The following custom resources are used:

  • CvTask:

    • Defines a task. A task represents a unit of execution.

    • Can be a single command, a script text, or a local script (residing in the Pod).

  • CvTaskSet:

    • Links a Kubernetes application to the tasks that need to be executed.

    • Prescribes an order in which these tasks will be executed.

CvTask

For task execution, CvTask has the following ways to execute, which can be specified in commandType:

  • Command: Direct command is executed on the Pod.

  • LocalScript: Local script that is present on the Pod is executed. (You must provide absolute paths.)

  • ScriptText: Custom script (in the command field of CvTask) is copied and executed inside the Pod.

CvTaskSet

CvTaskSet must include one of the following fields to function as a selector for CvTasks to be executed on the application pods:

  • appName

  • appNamespace

  • labelSelectors

CvTaskSet can have multiple tasks to be executed. Each task is mapped to a CvTask. So, if you want to execute multiple tasks for an application, you can create multiple CvTasks and add them to the tasks in CvTaskSet.

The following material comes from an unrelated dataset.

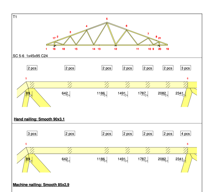 Üks 45x95, c24 tugevduspruss fermi kohta punktide 5 ja 6 vahele, vastavalt joonisele, naelutatud. Kokku 18 femi. Sisaldab materjale ja tööd.
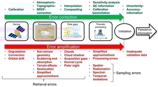 Satellite sensors need to convert the electromagnetic signal from earth in voltage and digital numbers in order to obtain reflectance or radiance values. For a reliable conversion, the constant calibration of sensors is essential [29,52] to counteract sensor-prone error sources (e.g., sensor degradation, different sensor sensitivity for specific bandwidths). For this purpose, modern instruments, such as MODIS, employ onboard calibration systems. Furthermore, deviations due to variable sun–sensor geometry and geolocation errors have to be attended to. Geolocation uncertainties can be an issue due to varying projection systems, target shift, or different point spread functions [53]. Additionally, orbital drift has to be taken into account, as, for example, the orbital drift of each National Oceanic and Atmospheric Administration (NOAA) satellite during their lifetime evokes a cooling effect in advanced very high resolution radiometer (AVHRR) LST products [54]. The next step is the correction of signal alternations induced on the path from the target to the sensor. Outgoing radiance consists of components affected by environmental influences and atmospheric absorption and scattering effects. To obtain surface reflectance information, atmospheric correction is commonly applied, along with topographic correction and bidirectional reflectance distribution functions (BRDFs). For passive microwave observations, man-made radio frequency interference is also able to contaminate signals [55]. Once the corrected data is accessible, successive error sources are introduced in the subsequent processing. Model uncertainties mainly relate to simplified approximations of natural variability [56] and data gap handling. Main causes for temporal inconsistency in optical remote sensing data are data gaps due to cloud cover. Data quality suffers under cloud and cloud shadow contamination by amplified variance and abnormal error distribution in the data [57]. Depending on the object of investigation, snow cover and coarse temporal resolution can also cause data inconsistency. To interpolate data gaps, several reconstruction models (e.g., harmonic analysis, double logistic, asymmetric Gaussian or Whittaker smoother, Savitzky–Golay filter) have been established [58]. Gap-corrected data, however, have the potential for implications in downstream applications, as incorporated uncertainty is carried further to subsequent models [28]. A different approach to gain consistent time-series presents value compositing (e.g., maximum value), where multiple images are processed for a preset period of time to create representative, cloud-free datasets with the least atmospheric attenuation and viewing geometry effects [59]. This can reduce the impact of missing data and unexpected day-to-day variations. However, the application of filters and compositing comes with the disadvantage of information loss and lower temporal consistency [48,55]. For regions with a high frequency of gaps (e.g., tropical areas), even composite products often contain extensive gaps, which has become increasingly problematic in areas where no alternative source of geospatial datasets is available [28]. To oppose ambiguous observations, quality control (QC) is used to provide information on the retrieval quality by flagging data acquisitions. This procedure adds quality indicators to the original observation without modifying or removing it [60]. As a result, the anticipation of systematic errors related to the shortcoming of retrieval algorithms and inaccurate prior knowledge [57] can be improved. Further accuracy-limiting factors are of a technological nature, concerning the sensor’s spatial (geometric), radiometric, spectral, and temporal resolution [61], which can be summarized as sampling errors. These errors become effective if information is assessed at a level of detail that cannot be properly sustained by the capabilities of the data acquisition mechanism.

The following is a sample YAML for CvTaskSet. In this example, for all applications with the name wordpress in the namespace wordpress-mysql, the tasks cvtask001 and cvtask002 are executed in the same order.

apiVersion: k8s.cv.io/v1

kind: CvTaskSet

metadata:

name: cvtaskset001

namespace: cv-config

spec:

appName: wordpress

appNamespace: wordpress-mysql

tasks:

- cvTaskName: cvtask001

cvTaskNamespace: cv-config

id: testid0001

isDisabled: false

executionOrder: 1

- cvTaskName: cvtask002

cvTaskNamespace: cv-config

id: testid0002

isDisabled: false

executionOrder: 2

Process Steps

  1. For each application configured as content in the application group, at the time of backup, Commvault looks in CvTaskSets in the cv-config namespace for matching applications.

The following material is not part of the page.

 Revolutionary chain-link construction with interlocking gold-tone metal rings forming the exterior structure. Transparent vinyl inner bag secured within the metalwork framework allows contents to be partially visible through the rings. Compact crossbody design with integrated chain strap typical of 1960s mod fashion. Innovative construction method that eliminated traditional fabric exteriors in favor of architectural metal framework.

  2. On finding one or more matching CvTaskSet,Commvault executes tasks given in CvTaskSet on applications, in the specified order.

Custom Resource Examples

For more examples, see AppConsistency in Commvault GitHub.

CvTask Example 1: Command

In this example:

  • The command mysql with arguments -hHOSTNAME, -uUSER, -pPASSWORD, DATABASE, and -e"FLUSH TABLES WITH READ LOCK;" is called before the volume snapshot is taken.

  • The command mysql with arguments -hHOSTNAME, -uUSER, -pPASSWORD, DATABASE, and -e"UNLOCK TABLES;" is called after the volume snapshot is taken.

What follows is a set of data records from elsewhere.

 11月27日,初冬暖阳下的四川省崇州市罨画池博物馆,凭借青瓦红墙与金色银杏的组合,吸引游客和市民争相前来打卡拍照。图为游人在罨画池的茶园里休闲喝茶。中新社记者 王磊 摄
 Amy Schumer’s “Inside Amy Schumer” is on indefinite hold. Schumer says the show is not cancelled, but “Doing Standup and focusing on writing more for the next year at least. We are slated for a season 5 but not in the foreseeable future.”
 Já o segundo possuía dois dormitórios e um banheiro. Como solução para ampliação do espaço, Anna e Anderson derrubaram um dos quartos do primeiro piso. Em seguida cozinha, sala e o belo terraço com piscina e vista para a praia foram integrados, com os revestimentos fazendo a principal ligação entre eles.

    apiVersion: k8s.cv.io/v1

    kind: CvTask

    metadata:

    name: cvtask001

    namespace: cv-config

    spec:

    postBackupSnapshot:

    args:

    - -hHOSTNAME

    - -uUSER

    - -pPASSWORD

    - DATABASE

    - -e"UNLOCK TABLES;"

    command: mysql

    commandType: Command

    preBackupSnapshot:

    args:

    - -hHOSTNAME

    - -uUSER

    - -pPASSWORD

    - DATABASE

    - -e"FLUSH TABLES WITH READ LOCK;"

    command: mysql

    commandType: Command

CvTask Example 2: ScriptText

In this example:

  • The whole script after preBackupSnapshot is copied on to the application pod and executed before the volume snapshot is taken.

  • The whole script after postBackupSnapshot is copied on to the application pod and executed after the volume snapshot is taken.

    apiVersion: k8s.cv.io/v1

    kind: CvTask

    metadata:

    name: cvtask009-python-scripttext

    namespace: cv-config

    spec:

    preBackupSnapshot:

    args: []

    command: |

    #!/usr/local/bin/python

    import MySQLdb

    import os

    import time

    import datetime



    dt=datetime.datetime.now().strftime("%I:%M%p on %B %d, %Y")

    file1 = open("/scripts/pre-freeze.log","a+" )

    try:

    conn = MySQLdb.connect ('localhost' , 'root' , 'password' )

    cur = conn.cursor()

    cur.execute ("select version()")

    data = cur.fetchone()

    file1.write (dt)

    file1.write ("-------------------------------------------\n")

    file1.write ("-------------------------------------------\n")

    file1.write ("\t MySQL version is %s: "%data)

    file1.write ("-------------------------------------------\n")

    file1.write ("-------------------------------------------\n")

    except:

    file1.write (dt)

    file1.write("\t unable to connect to MySQL server\n")

    file2 = open ('/tmp/freeze_snap.lock', 'w')

    file2.close()

    try:

    cur.execute (" flush tables with read lock ")

    file1.write (dt)

    file1.write ("\t using quiesce.py script - quiesce of database successful \n")

    except:

    file1.write(dt)

    file1.write( "\n unexpected error from MySQL, unable to do flush tables with read lock, Please check MySQL error logs for more info\n")

    while True:

    check = os.path.exists ("/tmp/freeze_snap.lock")

    if check == True:

    continue

    else:

    break

    commandType: ScriptText

    postBackupSnapshot:

    args: []

    command: |

    #!/usr/local/bin/python

    import MySQLdb

    import os

    import time

    import datetime



    dt=datetime.datetime.now().strftime("%I:%M%p on %B %d, %Y")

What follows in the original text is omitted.